Stakeholders from across the political spectrum call for legislation to strengthen oversight of diagnostic tests

For nearly five decades, the Food and Drug Administration has taken a piecemeal regulatory approach to its review of in vitro diagnostic tests (known as IVDs), tools that countless patients rely on to identify the presence or risk of many serious diseases, including cancer, diabetes, cardiovascular disease, etc. Although commercially manufactured IVDs are required to meet the agency’s risk-based standards, tests performed and used in a single laboratory, called laboratory-developed tests (LDTs), are not. This disjointed framework puts Americans at risk of receiving inaccurate test results, which could lead them to continue with the wrong treatment or forfeit the right one.

The current surveillance system may have made sense in the 1970s, when Congress first authorized the FDA to regulate diagnostics. At that time, LDTs ​​were used for rare diseases and on specific populations for which commercially manufactured tests were not available. But since then, the LDT industry has grown from giant stepmaking the current 45-year-old regulatory framework inadequate when it comes to protecting today’s patients.

Lawmakers across the aisle, as well as stakeholders in public health and patient advocacy as well as in the lab industry, all share the concern that the current surveillance system is insufficient. In recent months, many have publicly expressed support for bipartisan legislation, known as Advanced IVCT Development Accuracy Verification Act (VALID)that would unify the regulation of all diagnostic tests – a great start to creating a risk-based review system that delivers reliable IVDs to patients.

Below are selected citations in support of the VALID Act.

Senator Michael Bennet (D-CO)

“We need to ensure that all diagnostics developers, inside and outside laboratories, are held to the same analytical and clinical standards that responsible companies already adhere to. … The VALID Act would hold test developers accountable and protect patients by establishing a new risk-based regulatory process at the FDA that ensures patients and their providers receive safe and accurate information about their health.

Representative Larry Bucshon (R-IN)

“Congress needs to provide certainty, and that’s what we’re trying to accomplish through the bipartisan, bicameral VALID Act. We strive to assure patients that their test results are clinically accurate and to provide physicians with confidence that the tests they administer and upon which they make health care decisions are accurate.

Patrick Godbey, MD, president of the College of American Pathologists (CAP)

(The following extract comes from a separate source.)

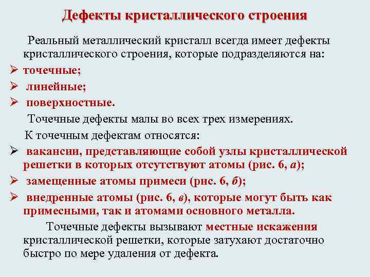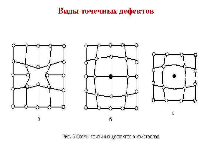 Дефекты кристаллического строения Реальный металлический кристалл всегда имеет дефекты кристаллического строения, которые подразделяются на: Ø точечные; Ø линейные; Ø поверхностные. Точечные дефекты малы во всех трех измерениях. К точечным дефектам относятся: Ø вакансии, представляющие собой узлы кристаллической решетки в которых отсутствуют атомы (рис. 6, а); Ø замещенные атомы примеси (рис. 6, б); Ø внедренные атомы (рис. 6, в), которые могут быть как примесными, так и атомами основного металла. Точечные дефекты вызывают местные искажения кристаллической решетки, которые затухают достаточно быстро по мере удаления от дефекта.

“[The VALID Act] provides the most viable legislative path to consensus on the oversight of laboratory-developed tests. A legislative approach to LDT oversight must leverage existing processes to maintain safe and reliable testing for today’s patients without stifling future testing innovation. CAP looks forward to discussing the latest version of the VALID Act with the bill’s sponsors, other members of Congress, groups representing patients and other physicians, the U.S. Food and Drug Administration, and the White House as the proposal moves forward.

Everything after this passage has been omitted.